§ PROBLEM DETAILS
Among the entries below, retype exactly the lines starting with the one with "湘南ベルマーレでは、2017" and going on through the one with "Great! You have", but not the pictures.

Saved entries
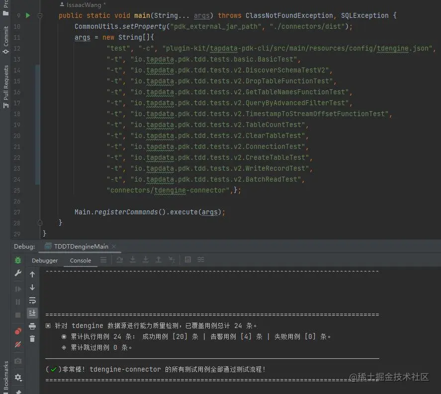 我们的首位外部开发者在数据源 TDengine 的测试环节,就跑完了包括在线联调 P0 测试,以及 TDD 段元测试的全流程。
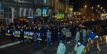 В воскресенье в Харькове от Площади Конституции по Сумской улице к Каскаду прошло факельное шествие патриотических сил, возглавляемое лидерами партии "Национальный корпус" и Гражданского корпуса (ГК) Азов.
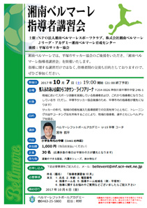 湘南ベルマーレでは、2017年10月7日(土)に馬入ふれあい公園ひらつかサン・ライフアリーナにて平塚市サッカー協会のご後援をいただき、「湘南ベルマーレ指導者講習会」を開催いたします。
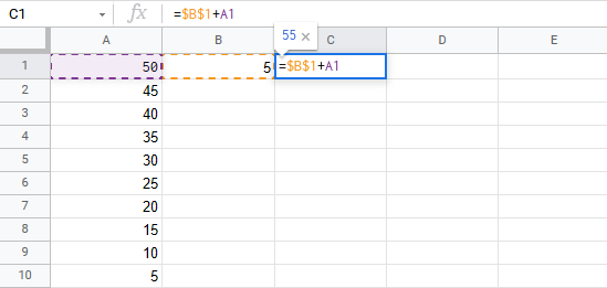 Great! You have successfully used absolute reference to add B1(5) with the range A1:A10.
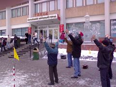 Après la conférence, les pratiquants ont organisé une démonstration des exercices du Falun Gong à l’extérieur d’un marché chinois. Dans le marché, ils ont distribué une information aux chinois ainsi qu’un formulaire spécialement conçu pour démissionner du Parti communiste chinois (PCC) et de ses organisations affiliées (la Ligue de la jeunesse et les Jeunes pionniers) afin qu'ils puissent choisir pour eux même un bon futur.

§ RESULT BELOW
 湘南ベルマーレでは、2017年10月7日(土)に馬入ふれあい公園ひらつかサン・ライフアリーナにて平塚市サッカー協会のご後援をいただき、「湘南ベルマーレ指導者講習会」を開催いたします。
 Great! You have successfully used absolute reference to add B1(5) with the range A1:A10.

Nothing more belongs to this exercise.